昨秋、熊本県・南関町の唐杉純夫先輩のばら個展を撮影したとき、無意識のうちにコンテスト基準で唐杉先輩のばらを見ている自分に気づき、愕然とした。これはまずい。

 "花の中に御坐す(おわします)ほとけ" や "究極の真理" は、それを見たいと希求しなければ見えないもの だと思う。なので、まずは自分の意識や感性の問題なのだが、自然が相手だし、何を見ることができるのかは見当がつかない。

また、そのような "こだわり" が眼を曇らせる要因かもしれず、己が "感性" などたかが知れているという思いもある。要するに何も見えていないのだが、バラを見つめる時間が楽しいかどうかをとりあえずの基準にして、前に進む。

祭りの後の "直会"(なおらい/自己批評)は、主な品種が咲き終える1ヶ月後になるだろう。それまではノーコメント(言い訳なし)で写真のみを掲載する。いずれの写真もクリックで拡大表示。

2023年10月27日金曜日

リカバーの10月 pHとECの推移

9月と10月の肥培管理の記録。このページは10月7日の記事:「リセットの9月, リカバーの10月」の続き。

この間、二人のバラ仲間がハウスに来られた。栽培状況を見たら、お世辞にでも "何かいいところ" を見つけて褒めるのが挨拶だろうが、お二人からはついにその言葉がでなかった(苦笑)。

ま、言い訳をすると、11月はじめのコンテストに出品される予定のお二人から見れば、11月中旬の開花を目指している私のステムはまだ短いし。。でも、やはり生育が劣っているのは間違いない。原因の考察は花後にするとして、とりあえず今は9月と10月の肥培管理を記録しておく。

概要

  • 鉢植えで栽培している主な19品種(各2〜7株程度)の排水をまとめて、品種ごとにpH(水素イオン濃度)とEC(電気伝導率)を計測。排水を計測するので、培養土が含有している肥料分を正確に反映しているとは言えない。しかし毎回同じ方法で計測すれば、数値はともかく、全体の傾向は把握できるのではと考えている。
  • 同一品種の各鉢は(基本的に)ほぼ同じ施肥量・灌水量。
  • 秋の開花目標は11月中旬。剪定期間は 9/15〜9/27。福岡での標準的な剪定日より1週間〜10日以上遅いと思われる。
  • グラフの横軸は計測日が不定期なので、実際の変化のリズムを正確には反映していない。
  • 前のページ:「リセットの9月, リカバーの10月」に書いたpHを6.5以下にするというのは、無理をしてまで必要なことではないから、10/10にとりあえず断念。

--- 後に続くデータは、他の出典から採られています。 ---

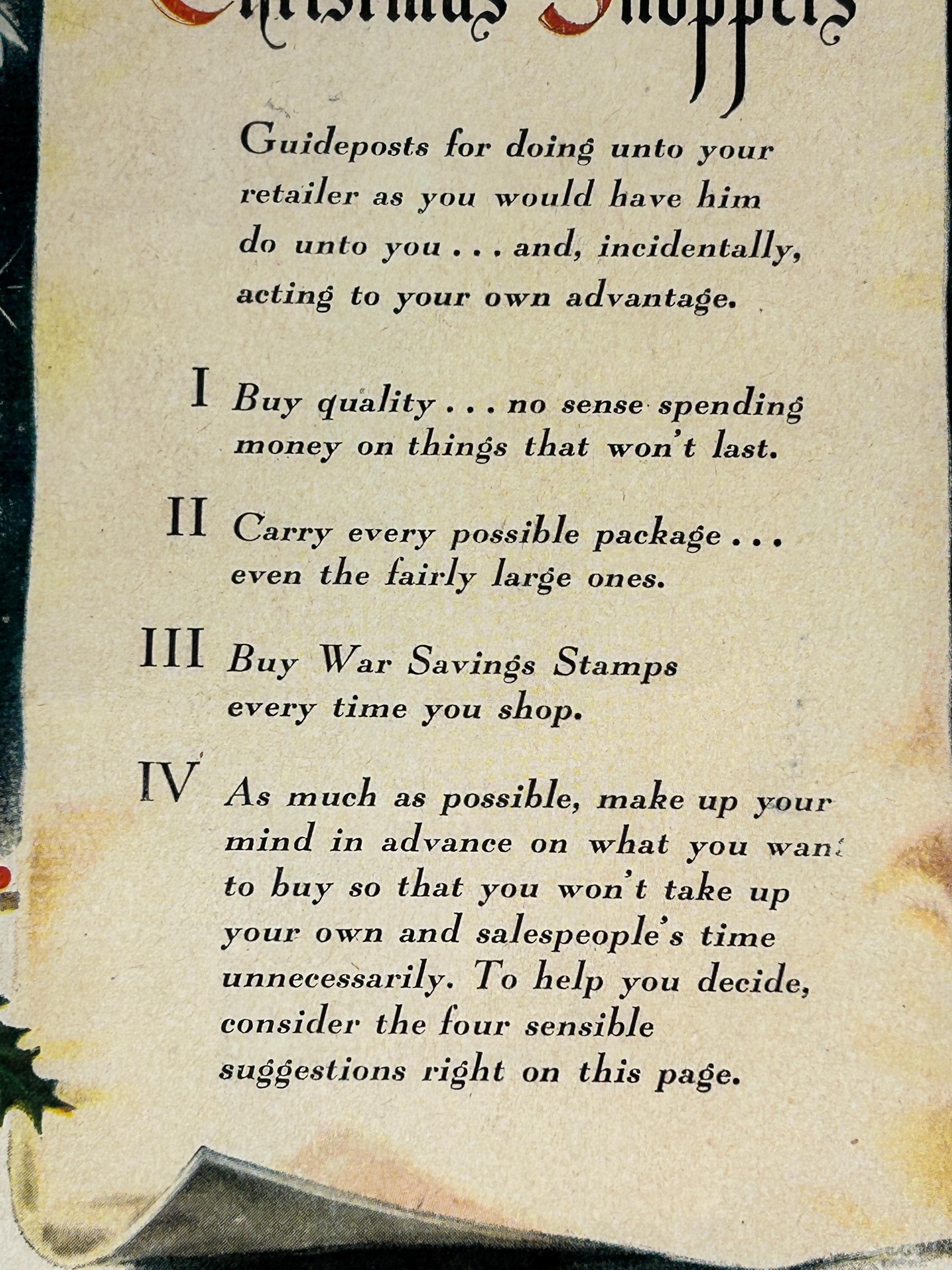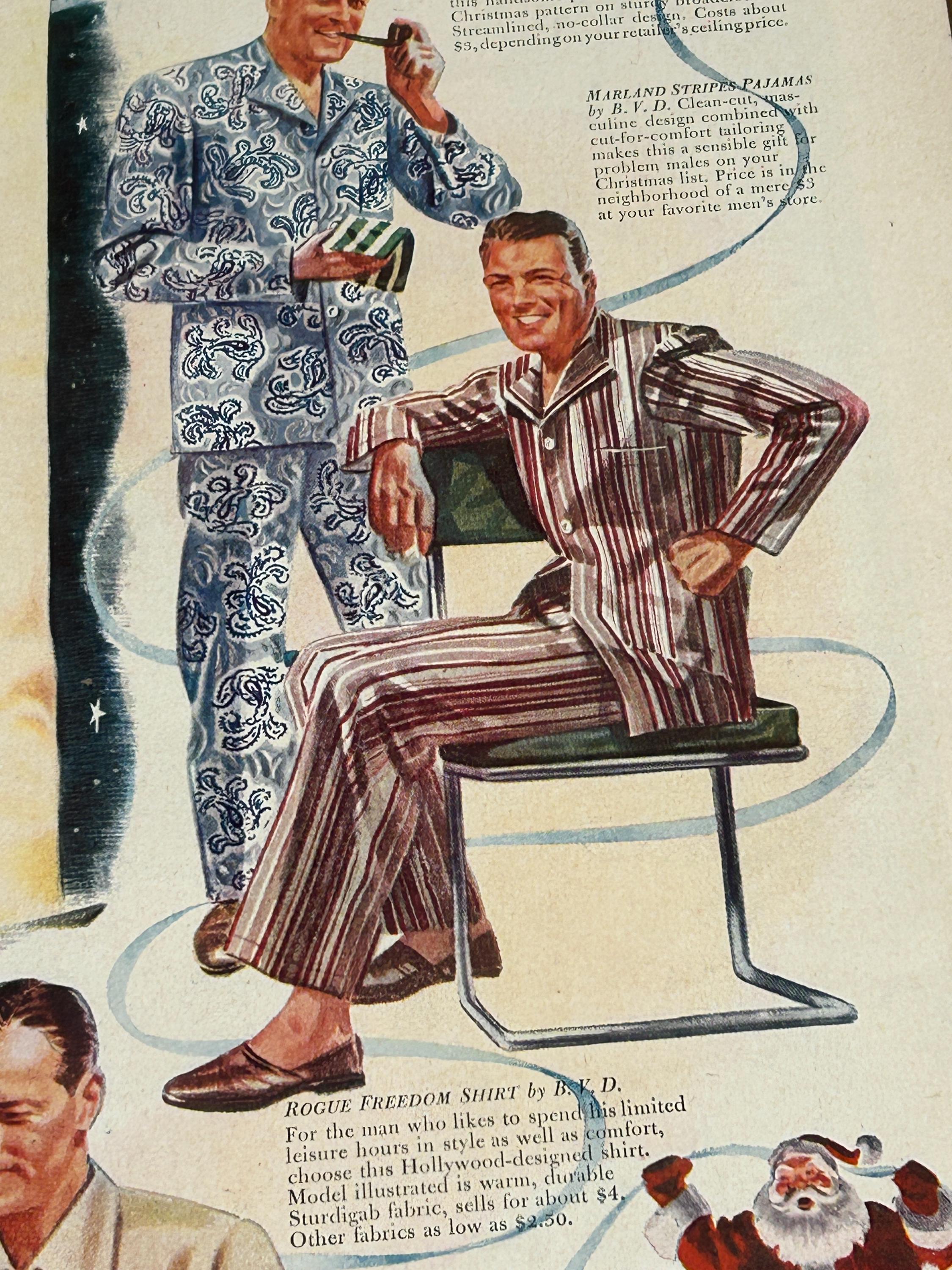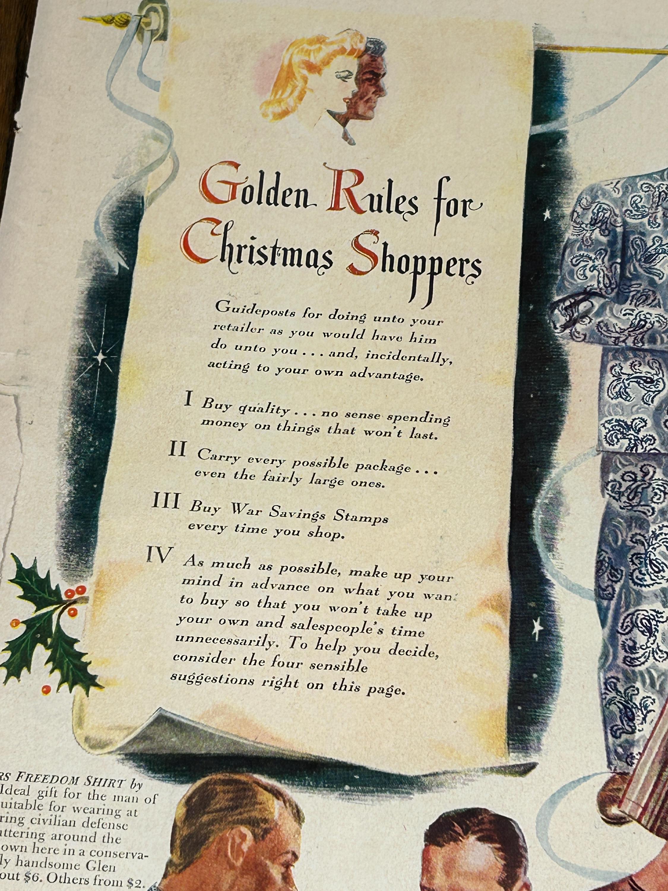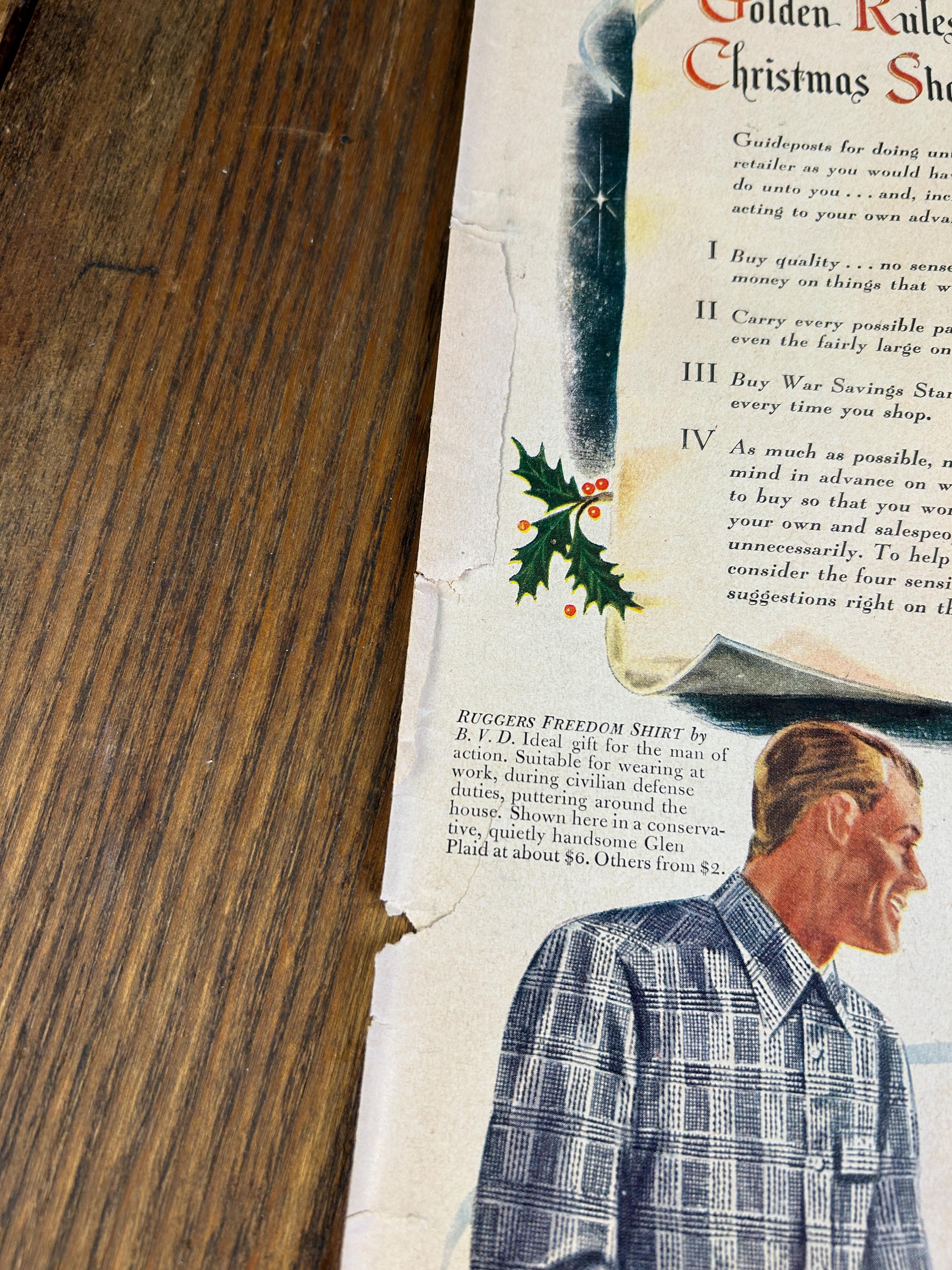 Back side of advertisement features a vintage 1943 B.V.D. print advertisement for men's pajamas and shirts, featuring "Golden Rules for Christmas Shoppers".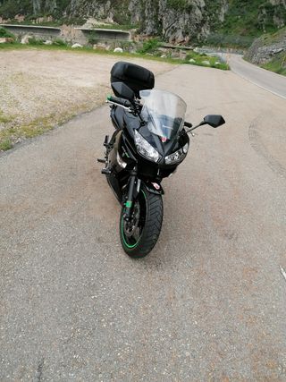 Está en perfecto estado de todo. Limitada en documentación para carnet A2. Revisión hecha hace 4 meses, se le cambió, aceite, filtro aceite, filtro de aire, batería y líquido de frenos. Rueda delantera puesta hace 300km y la trasera a medio uso. Escape AKRAPOVIC valorado en más de 600€, homologado con su documentación. Igualmente entrego el original. Indicador de marchas y espejos retrovisores originales de Kawa. Maneras regulables. Itv hasta Septiembre 2026 Se vende por falta de uso. Por favor sólo gente interesada en lo que pone el anuncio. Se admite Revisión mecánica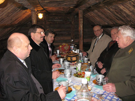 Назад Далее 26-02-2008. Фото №0. Организационный комитет в Брянске. На фото - Делегация Оргкомитета на приеме в землянке мемориала "Партизанская поляна" в Брянске. Слева - представитель Дворянского собрания Вебер В.Ф., зам. Губерантора БО Требунов А.Н., депутат Брянской ОД Медведь И.В., Справа - маршал артиллерии Михалкин В.М. (Председатель), Директор НИИПМЭ Попов Г.А. и Президент АИН Шоль Е.И. (зам. Председателя) | ||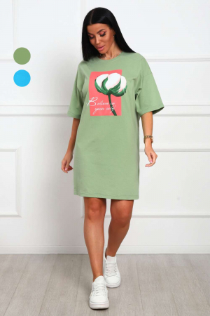 Туника женская прямого силуэта. Низ изделия прямой. Длинна выше колена, плечо спущенное, рукав короткий. Горловина круглой формы, обработана планкой с отделочной строчкой по шву притачивания. Принт (шелкография) располагается по центру переда.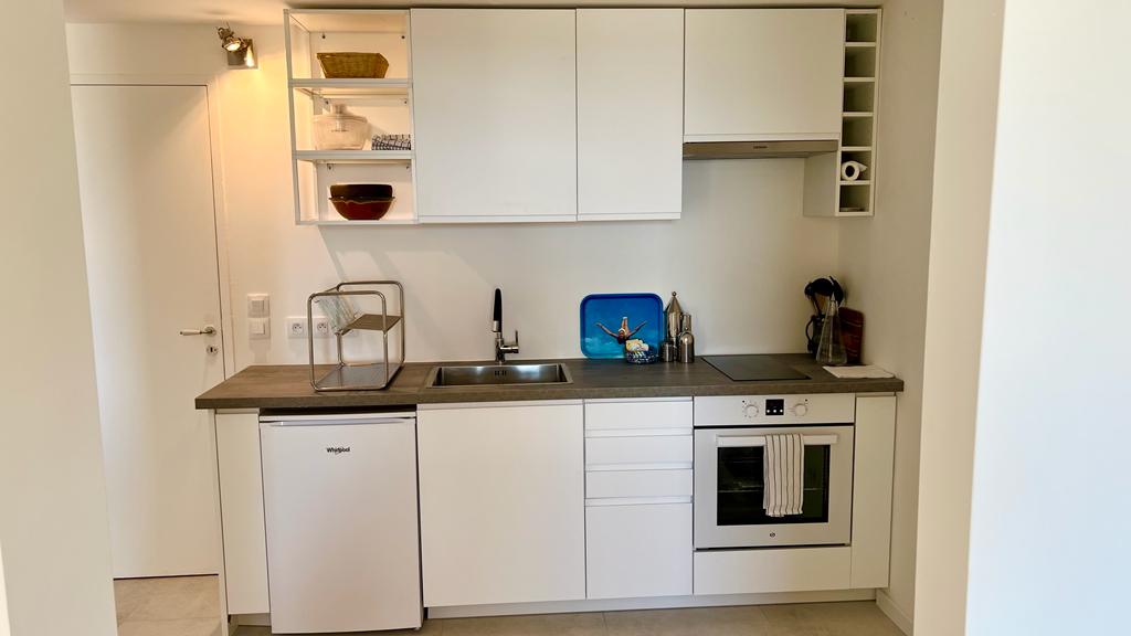 The apartment is on the ground floor of a villa. Access to the apartment is independent of that of the house. It is not air-conditioned but remains cool because it is built into the rock. Fans are also available.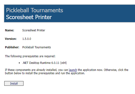 Click the Install button to download the print spooler installation file. The installation file, setup.exe, will be downloaded, usually to the download folder on your computer. Navigate to that folder and double click on the name of the file. Once the process begins, you will see the following screen. Click on Install to continue.
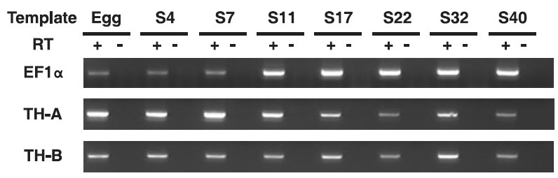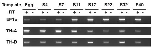 as template for each reaction. PCR reactions for the amplification of TH-B were also performed in the absence of reverse transcriptase (-RT) to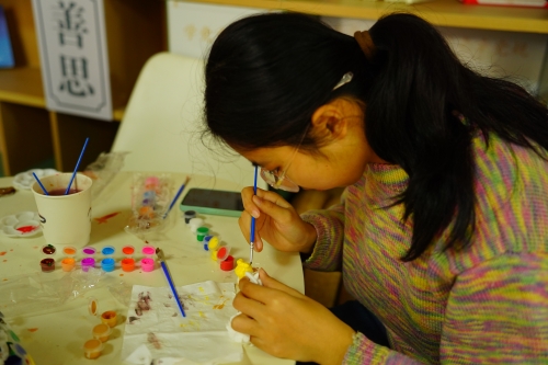 活动现场,洁白的石膏小马、缤纷的颜料整齐摆放,孩子们围坐在桌前,瞬间投入创作。有的孩子为小马勾勒喜庆纹样,有的搭配撞色潮酷造型,还有的细心描绘灵动表情,连大朋友也忍不住加入,和孩子们一起沉浸式创作。原本单调的石膏马,在大家的巧手下变得鲜活多彩,每一件都是独一无二的创意之作。

灌水用水は(農業用水ではなく)水道水を用い、pHを6.8に微調整。
  • 排水のpHとECを計測する現在の方法では、培養土との誤差が大きいかもしれないと考え、培土に含まれている水分を集める器具 "ミズトール(ポット用)Z" |大起理化工業㈱ を使い始めて、これまでの方法との誤差を確認中。
 ミズトール(ポット用)Z
左の白い"多孔質素焼管" を培土に埋め、強力なシリンジで水分を時間をかけて吸引。
  • 培土が乾き気味だと計測に必要な量を集水するのに一晩かかる。これでは実用的ではないので、排水とミズトールの集水との数値を比較して、その関係を調べている。灌水2時間後(排水は出尽くした状態)と、ミズトールで集水した結果は以下のような傾向を示す。
    • 灌水から2時間後までの排水 pH6.8、EC2140㎲/㎝
    • ミズトール(灌水から2時間後に30分間集水)pH6.5、EC2520㎲/㎝
    ミズトールの集水の方が 低pH 高EC になる。この傾向は毎回同じなので、これを踏まえれば、排水をチェックする簡易な方法でもOKだと確認できた。

pH(水素イオン濃度)

  • 縦軸はpH値で、横軸は日数に比例していないことに注意。クリックで拡大表示。
  • 9月5日以前から一部の品種にMg欠が出ていることに気付いていたので、用水のpHを下げる、あるいはキーザーマグ(キーゼライト/硫酸マグネシウム)を加えるなどで対応していたため、品種間のバラツキが大きい。
  • 9月末は用水のpHを5.5以下にしていたが、無理に急激に下げるメリットはないと考え直し、用水をpH6.5~6.8程度に変更した。そのため10月からは穏やかな変化になっている。
  • 9月30日を底に、再び僅かながら上昇したのは、10月2日と5日の施肥の影響と思われるが、詳しいことは不明。
  • 10月27日にわずかに上昇したのはpH7.2の水道水を使用したから。pH7.0をオーバーしたくないので、今後も徐々に下げていく。

EC(電気伝導率)

  • 縦軸はEC値で、単位は ㎲/㎝ 。1000㎲/㎝ = 1ms/㎝ 横軸は日数に比例していないことに注意。
  • 剪定が終わった株から順次 "リキダス" (1/2濃度)と "ハイポネックス原液" (規定濃度)を施肥。
    9月24日の急上昇はこれの影響。

  • 樹勢から判断して "チッソの吸収不足" が疑われるので、以下のように追肥;

    1. 10/2  千代田化成550 | サンアグロ㈱ (超即効性・高度化成肥料 N:P:K=15:15:10 粉体を液肥化)
    2. 10/7  パワフルアミノ631(ペレット)|昭光通商アグリ㈱ 30㌘/10号鉢 (N:P:K=6:3:1+α)
    3. 10/10  ハイグリーン | エムシー・ファーティコム(ペレット)10㌘/10号鉢 (微量要素)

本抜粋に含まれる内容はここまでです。